I got into the work of the great Charlie Chaplin when I went through the AFI film list in 2018. I was a wee bit baffled by one thing though. The version of The Gold Rush that I saw was a 40s reissue narrated by Chaplin himself, and the man had a good, strong voice. Why didn’t he make more talkies? I found out shortly thereafter that Chaplin left the States over a political dispute and that more or less explained everything.
However, he did make one talking picture for Hollywood, and it was his biggest financial success. That would be The Great Dictator, a movie where Chaplin played the duel roles of a Hitler-like dictator and a nameless Jewish barber who happened to look just like said dictator. Political satire wasn’t exactly what Chaplin was known for, but I found the movie on Hulu and here we are.
Honestly, one of the things I loved about Chaplin’s silent features was the man’s talented mime work and physical comedy. And, it turns out, much of The Great Dictator uses that as well. Opening with trench warfare during the first world war, we follow the character eventually revealed to be the barber as he stumbles around the battlefield, loses hand grenades down his uniform sleeves after pulling the pill, and eventually somehow saves a pilot’s life before suffering a head injury that has him thinking, decades later, that no time has passed at all. He knows nothing about how dictator Adenoid Hynkel has taken over his home nation of Tomainia and made life very difficult for the Jews living there. Hynkel’s stormtroopers wander the streets, painting “JEW”on Jewish shop windows, assaulting people, and basically doing what they can to make the lives of the Jews miserable. And into all that, the barber returns.
I must say, I was pleasantly surprised no one really noticed how much the barber and Hynkel looked alike until the end of the movie when the barber takes Hynkel’s place and gives the great pro-democracy and human rights speech directly to the camera. Hynkel’s speeches were all German-sounding gibberish though his conversations with others were in perfectly understandable English. But that final plea, coming out as it did well before the United States entered the war, is clearly more from Chaplin than the barber. As writer, director, and star, Chaplin could do that, and given his focus is straight ahead, pulling in tight as he speaks in what starts as a soft plea and becomes a loud demand, yeah, this is the point of the movie.

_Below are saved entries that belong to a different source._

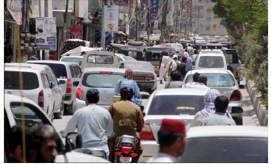
QUETTA: A large number of vehicles stuck in traffic jam due to negligence of traffic police staffs and illegal parking, need attention of concerned department during a hot & shiny day of summer season.

Speaker office has made confirmation of contacts made by majority of the members who have resigned with NA speaker.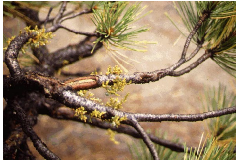
Figure 2: Lodgepole pine dwarf mistletoe plants-note thin, green-yellow shoots.

2 Infection severity based on the following: light= a rating of 2 or 3; moderate= a rating of 4 or 5; heavy= a rating of 6.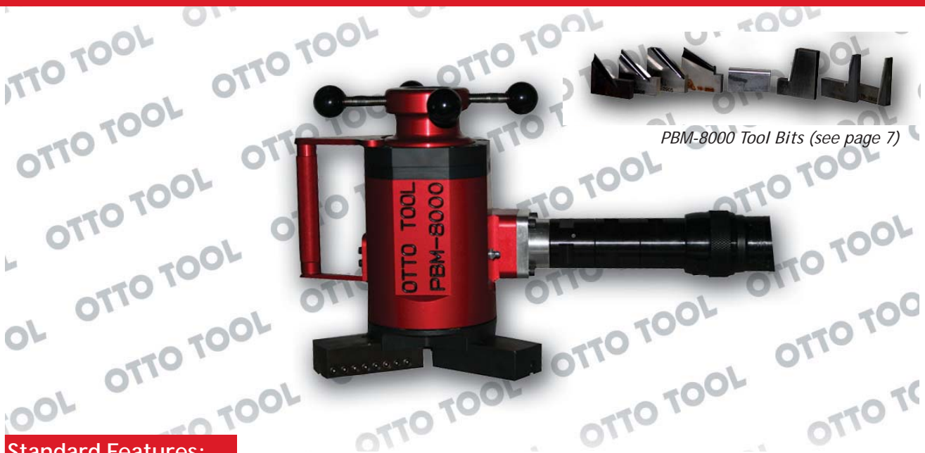
PBM-8000 Tool Bits (see page 7)

This 8" pipe beveling machine comes with a torque accepting mandrel and a worm gear drive unit for extra torque, to handle extra thick pipe walls. Our machine is one of the only machines on the market that can bevel, face, and counter-bore 2" wall. The pneumatic air motor is a 3 hp. Air required: 70 CFM and 90 psi.

That said, this isn’t some kind of dour piece of depressing work. Like the silent Chaplin movies I’ve seen, the plot seems mostly to exist to allow Chaplin to set up various comedic set pieces whether it’s the barber using various weapons in the opening scene’s war or Hynkel making demands and trying to look more important next to a Mussolini parody dictator played by Jack Oakie. Much of the comedy, aside from Hynkel’s speeches, would probably have worked out fine in a silent flick, particularly how Paulette Goddard, Chaplin’s wife at the time, seems to be especially talented with a frying pan to the noggin.
Chaplin is on-record for saying he never would have made the movie if he knew exactly how bad the Jews under Nazi control had it. And while it is true that nothing that happens to the barber or his friends in the Jewish ghetto is nearly as bad as what actually happened in the death camps, there is a certain amount of bravery on display here for Chaplin to even make a movie like this. There were still plenty of Nazi sympathizers in the United States, visibly, before Pearl Harbor dragged the country into the war, and while the movie may not have gone over well with the Germans, Americans weren’t necessarily chomping at the bit to take them on again in 1940. As such, Chaplin showed a great deal of artistic bravery when he made this, and fortunately, he made a good movie to boot.